I lost my hair right before a Christmas party on schedule. Suddenly my hair seemed painfully heavy. I took some scissors and cut it short. Still it weighed too much. Such a strange sensation. My scalp was very sensitive. Water in the shower that was comfortable to my back would burn my scalp. And it was very sensitive to cold too. I got a 'scalp prosthesis' i e wig. Unknowing people would say that they liked what I did with my hair, it looks so much better. It's plastic.


Well I am alive. TNBC comes back sooner than later so I am well past the time of recurrences. Still whatever caused me to get it in the first place probably is still there so I am not completely off the hook for a new primary. I've had some false alarms which were so terrifying and expensive to follow up. I don't spend much time thinking about cancer. I do go to the survivor cooking class to make sure my diet isn't part of the cause. And almost 3 years ago, I had my chest reconstructed to correct some of the asymmetry and many cross-crossing scars I had. Still have some scars but you'd have to look at my nude body very carefully to find them. Bonus: I don't really need to wear a bra as I have a chest now of a 12 year old. And I am no longer fat so yay for that.

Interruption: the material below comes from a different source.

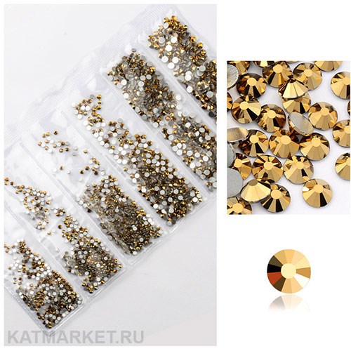 Стразы разных размеров в баночке, Золото металлик

Summer continues to plague me with hot temps and humidity making running a chore. The kids are in school. Still need to completely plan our trip but I keep running into roadblocks.

3 comments:

Elephant's Child said...

Hooray for making that anniversary - with hopefully many more to come.
My exerience with (very mild) chemo was that I piddled an incredible blue shade, and that I lost my grey hairs (they came back) and the hair on my arms and legs - which didn't return.

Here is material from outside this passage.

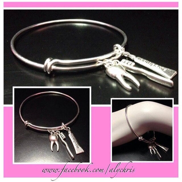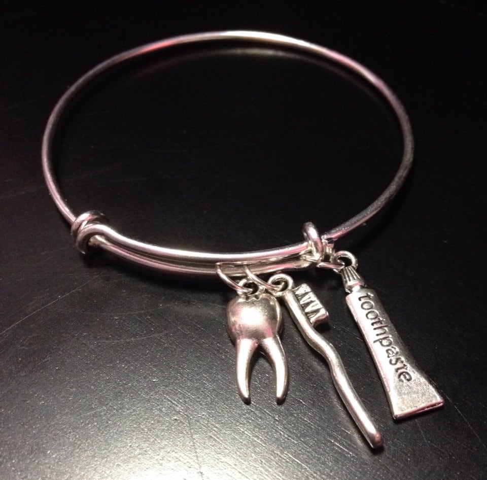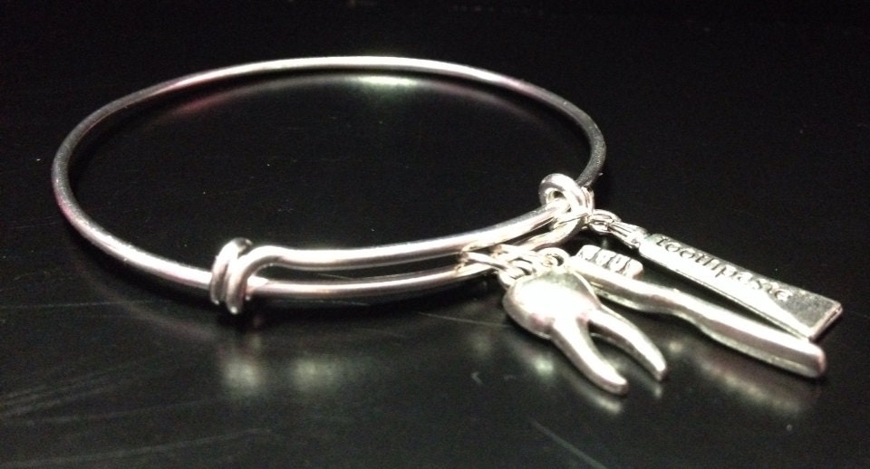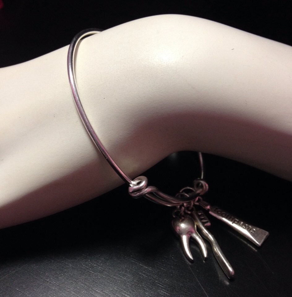Dental Hygienist Charm Bangle; dental jewelry, gifts under 20, tooth charm jewelry, toothbrush charm, large wrist bangles, Dental bracelet

Sue in Italia/In the Land Of Cancer said...

I didn't realize that you had cancer. Most of my hair did return though it seems a bit thinner on my head.

Blue pee...they had given me some dye to color the 'sentinel nodes' which turned my pee blue.

Elephant's Child said...

I didn't have the chemo as for cancer but as a treatment my neurologist prescribed for an aggressive MS flare-up. It worked. Briefly.